Well, it turns out it’s somewhat higher than the risk of an asteroid slamming into Earth.
A new study published in Nature Astronomy analysed 30 years of data to reveal that there is a roughly one in 10 chance that at least one person will be killed by falling rocket debris in the next decade.
And, what’s more, people in the southern hemisphere are most at risk.
For comparison, the odds of an asteroid striking Earth with fatal impact in any year is one in the hundreds of thousands.
Although rocket launches vary, boosters and other sizeable parts from rockets fall back to Earth or are abandoned in orbit.
In most cases, the abandoned rocket bodies re-enter the atmosphere in an uncontrolled fashion and debris may land anywhere along the flight path.
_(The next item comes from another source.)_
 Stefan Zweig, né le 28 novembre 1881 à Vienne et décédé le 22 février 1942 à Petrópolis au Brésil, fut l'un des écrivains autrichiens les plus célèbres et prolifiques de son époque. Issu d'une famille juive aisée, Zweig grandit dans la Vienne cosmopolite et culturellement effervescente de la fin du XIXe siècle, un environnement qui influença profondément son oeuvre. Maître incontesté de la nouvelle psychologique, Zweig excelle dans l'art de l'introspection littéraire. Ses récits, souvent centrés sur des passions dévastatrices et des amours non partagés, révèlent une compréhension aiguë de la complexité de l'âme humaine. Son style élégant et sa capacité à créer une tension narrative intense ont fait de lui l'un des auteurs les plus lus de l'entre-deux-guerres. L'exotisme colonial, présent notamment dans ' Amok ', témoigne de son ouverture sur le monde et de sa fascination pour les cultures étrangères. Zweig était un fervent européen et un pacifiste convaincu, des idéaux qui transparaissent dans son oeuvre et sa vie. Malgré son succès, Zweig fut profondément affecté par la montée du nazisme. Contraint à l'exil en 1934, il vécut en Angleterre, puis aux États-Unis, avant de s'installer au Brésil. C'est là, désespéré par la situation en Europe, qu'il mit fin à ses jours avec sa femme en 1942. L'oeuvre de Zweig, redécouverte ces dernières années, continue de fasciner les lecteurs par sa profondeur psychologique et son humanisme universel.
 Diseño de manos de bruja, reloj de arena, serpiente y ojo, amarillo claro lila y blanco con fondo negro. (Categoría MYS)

Using the past 30 years of satellite data, Michael Byers and colleagues projected the “casualty expectation” – or risk to human life – over the next decade as a result of uncontrolled rocket re-entries.
The team focused on pieces of rockets that remain partially intact and pose a casualty risk on land, at sea or to aeroplanes.
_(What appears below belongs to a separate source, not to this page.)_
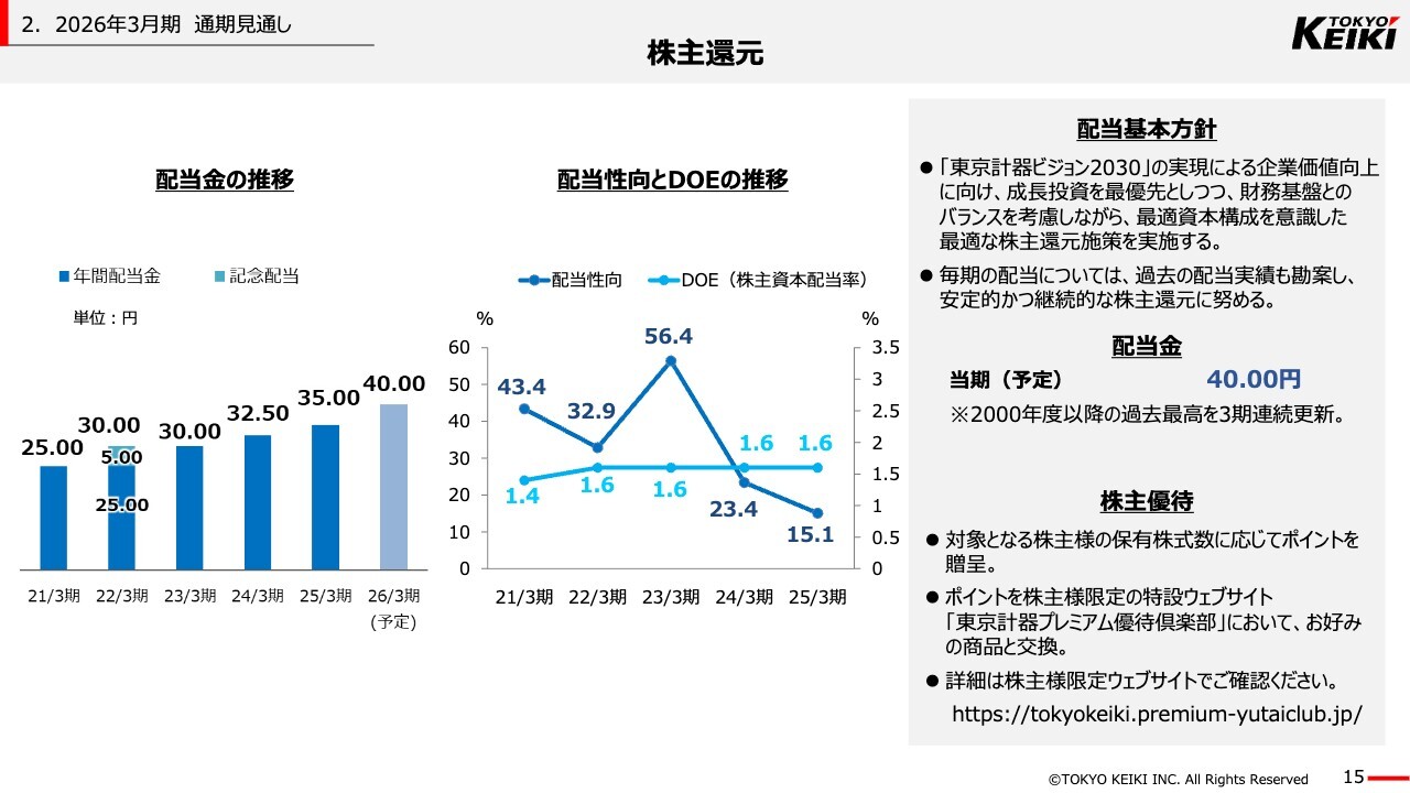 株主還元についてです。2026年3月期の配当予定は、期初計画どおり、前期比で5円増配となる1株当たり40円を予定しています。

They revealed that current practices have, on average, a 10 per cent chance of one or more casualties over the next decade if each re-entry spreads lethal debris over an area of 10 square metres.
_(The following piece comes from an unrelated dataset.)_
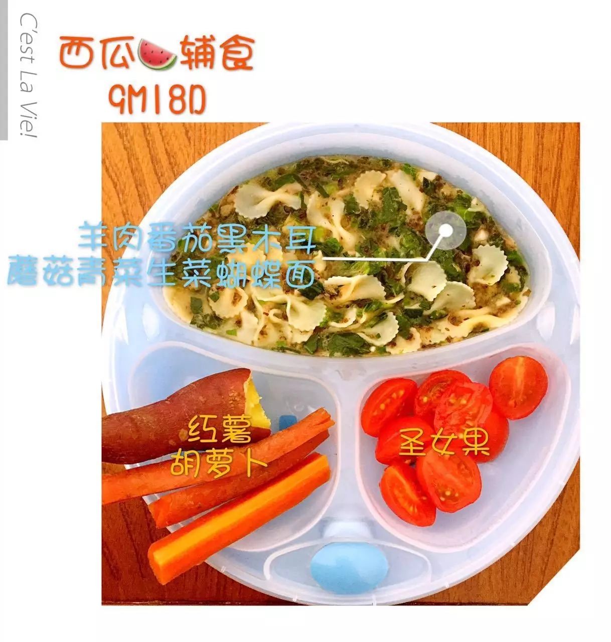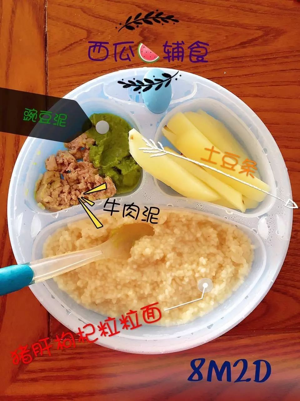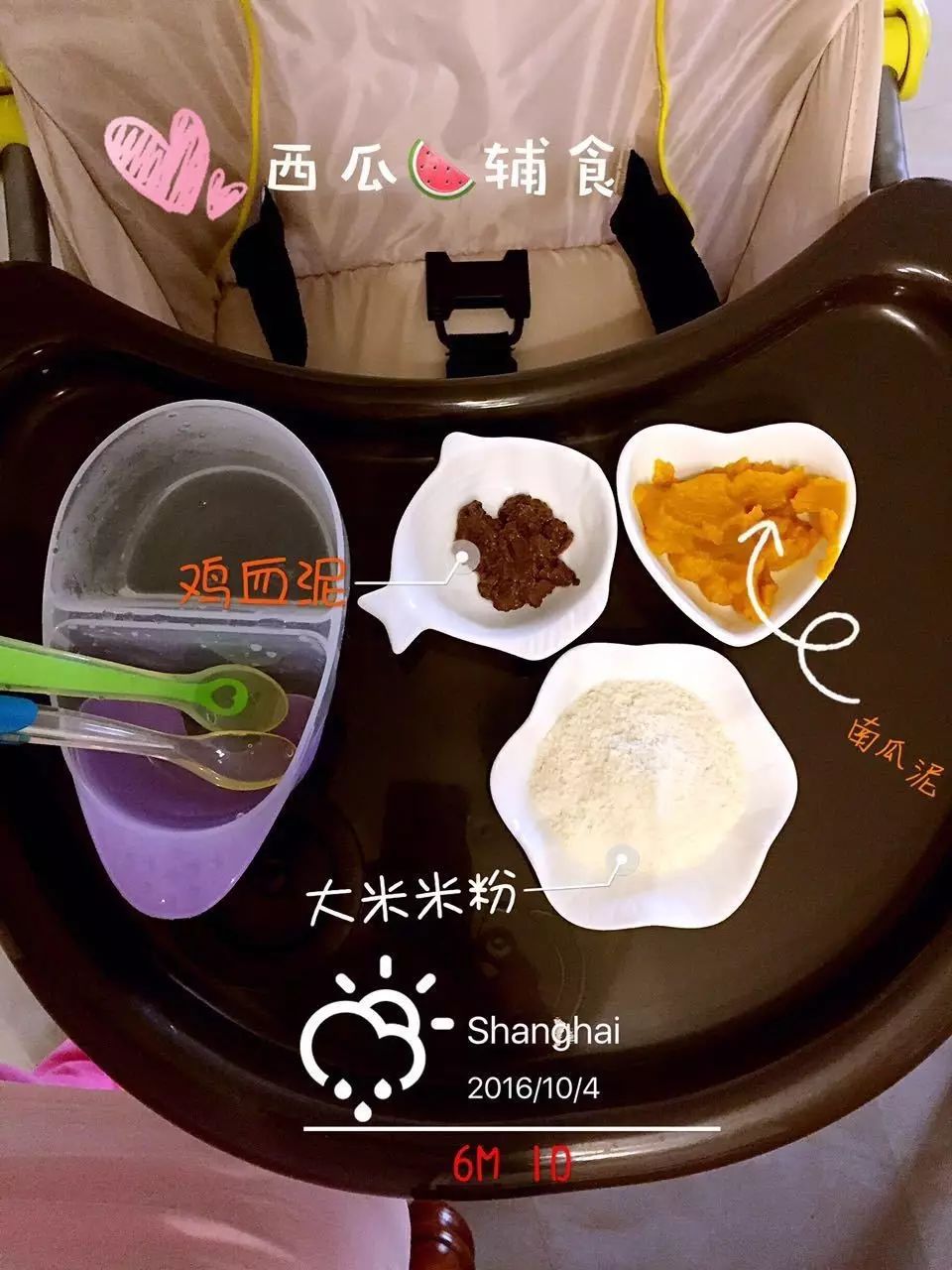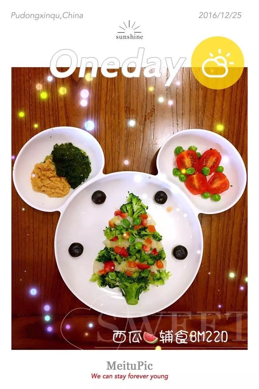 文章中出现的西瓜的辅食照片,大家看了也不要焦虑,我只是偶尔周末有空的时候才拍拍的,而且和拍摄技巧无关,主要是最后的P图效果,所以美图秀秀还是很必要的。

And rocket bodies are about three times more likely to land at the latitudes of Jakarta, Dhaka and Lagos than those of New York, Beijing or Moscow.
The authors further explained that we already have the technology for guided re-entry systems.
What we lack, they state, is the collective will to employ these because of the associated costs.
They concluded that without multilateral agreements for mandated controlled rocket re-entries, space-faring nations will continue to export these risks unnecessarily.